The core of reality is not being (which is an intellectual abstraction) but becoming, which is the key characteristic of all, including God. The universe is a welter of endless change, as we and all around us reach the present as the result of the choices we have made, the “choices” creation has made, and the God-infused lure toward innovation, creativity, and righteousness that is always inviting us toward goodness. Process thinker Charles Hartshorne referred to that not as “ontology” but as “hyathology,” from God’s dynamic name revealed to Moshe: I am becoming what I am becoming (ehyeh asher ehyeh).
I believe that God, in choosing to create, created us really. That means that our independence is not illusory or ephemeral. We, along with all creation, have real agency; and the choices we make are truly untrammeled, unprogrammed, and unforeseen by God. God is vulnerable to surprise and disappointment, just as we are. The universe unfolds according to inner logic; the laws of physics operate and God cannot/does not suspend them based on moral standards.

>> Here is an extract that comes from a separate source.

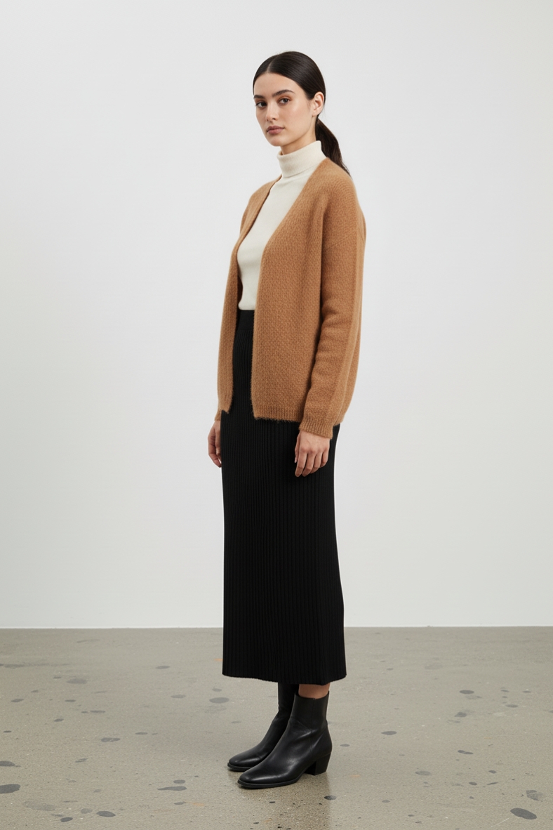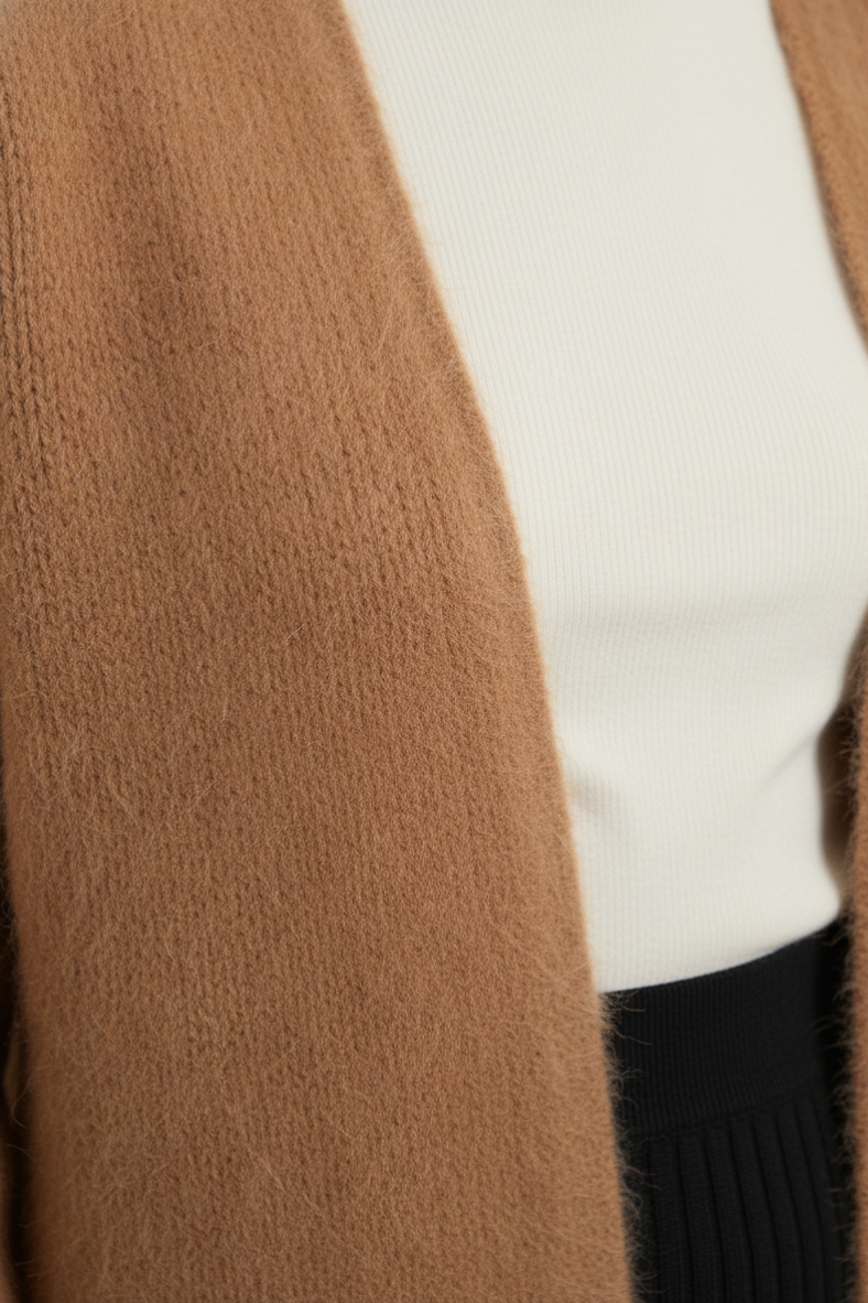 Questo cardigan morbido e avvolgente è l'aggiunta perfetta al tuo guardaroba autunnale. Realizzato con una pregiata miscela di mohair e lana, offre calore e comfort senza rinunciare allo stile.

As Rabbi Harold Kushner says, asking the universe to treat you better because you are moral is like expecting the bull not to charge because you are a vegetarian. I believe that God did irrevocable tzimtzum (withdrawal), creating the reality of our own autonomy and agency along with all creation.
I believe that people misunderstand the nature of divine “power” as coercive, as omnipotence, which I regard as a philosophical mistake, a religious disaster, and a source of emotional and ethical torment. Thinking of God as having all the power leaves us rightly feeling betrayed and abandoned (“was I not good enough for God to intervene?”). It leaves theologians in the positions of Job’s friends – discounting our core ethical knowledge in an attempt to defend the indefensible. We do know good and evil: God infuses us with that awareness. And someone dying young, someone struggling with special needs, illness, or poverty is indefensible, especially if God is omnipotent. Hiding behind “it’s a mystery,” or “we can’t understand,” or “it’s all for the best” is, in my opinion, worse than unsatisfying, because it requires either blaming the victim or denying our ethical compass.

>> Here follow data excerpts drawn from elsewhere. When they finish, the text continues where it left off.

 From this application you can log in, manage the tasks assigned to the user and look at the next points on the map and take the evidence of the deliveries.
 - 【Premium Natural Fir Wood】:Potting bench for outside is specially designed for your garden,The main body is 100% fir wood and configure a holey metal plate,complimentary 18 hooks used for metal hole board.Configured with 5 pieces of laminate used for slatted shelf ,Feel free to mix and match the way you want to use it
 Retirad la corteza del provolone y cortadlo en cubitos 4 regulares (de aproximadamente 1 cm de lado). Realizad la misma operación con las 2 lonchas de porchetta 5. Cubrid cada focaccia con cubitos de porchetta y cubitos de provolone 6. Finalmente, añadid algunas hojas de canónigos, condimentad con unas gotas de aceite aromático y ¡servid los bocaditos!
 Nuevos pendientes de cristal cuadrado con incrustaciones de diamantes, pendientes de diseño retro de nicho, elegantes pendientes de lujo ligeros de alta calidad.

I don’t think we have to abandon a conviction of a loving God. But I invite us to grow past an almighty one. If God has truly ceded to creation the ability to make choices, then God didn’t kill the innocent, didn’t allocate disability, didn’t impose poverty. Looking for God in special effects causes us to mistake theater or science fiction for life. God is found not in the suspension of nature’s laws, but in the intrusion of novelty and surprise from within fixed law, in the abiding nature of hope, and in the transforming power of love (a power that is persuasive, not coercive).
When my beloved student was struggling with what became a terminal illness, I saw God being very busy throughout his struggle – in moments of laughter and song, in the strength of the relating that bound us all as a community and kept my student feeling connected through his very last minutes, in the determination to be there with and for his family throughout and beyond the ordeal. I never expected God to guarantee an outcome or suspend the natural. I did expect to find God in the steady constant lure toward good choices and responsibility. And that God did not disappoint.
One last thought: if God is the ultimate exemplar of process, of the focus on becoming rather than being, then God absorbs and is affected by all that happens, by all our choices, by the ways that nature proceeds. Our sorrows are not lost – they permanently become part of the divine. Our joys and our lives are not forgotten, they are eternally and objectively real in the divine mind. In that way, I can affirm that my student’s life is not ended, although he is no longer visible to our eyes. He, too, is a process, and the process never ends.
In the face of loss and grief, I offer the affirmation that our love and prayers and heart connect us to each other and to creation – that feeling the beauty around us, smelling its scents, touching the earth and sky, connecting to others, working for justice, these are encounters with all and the All, and they offer the relationship and connection that is life’s true consolation.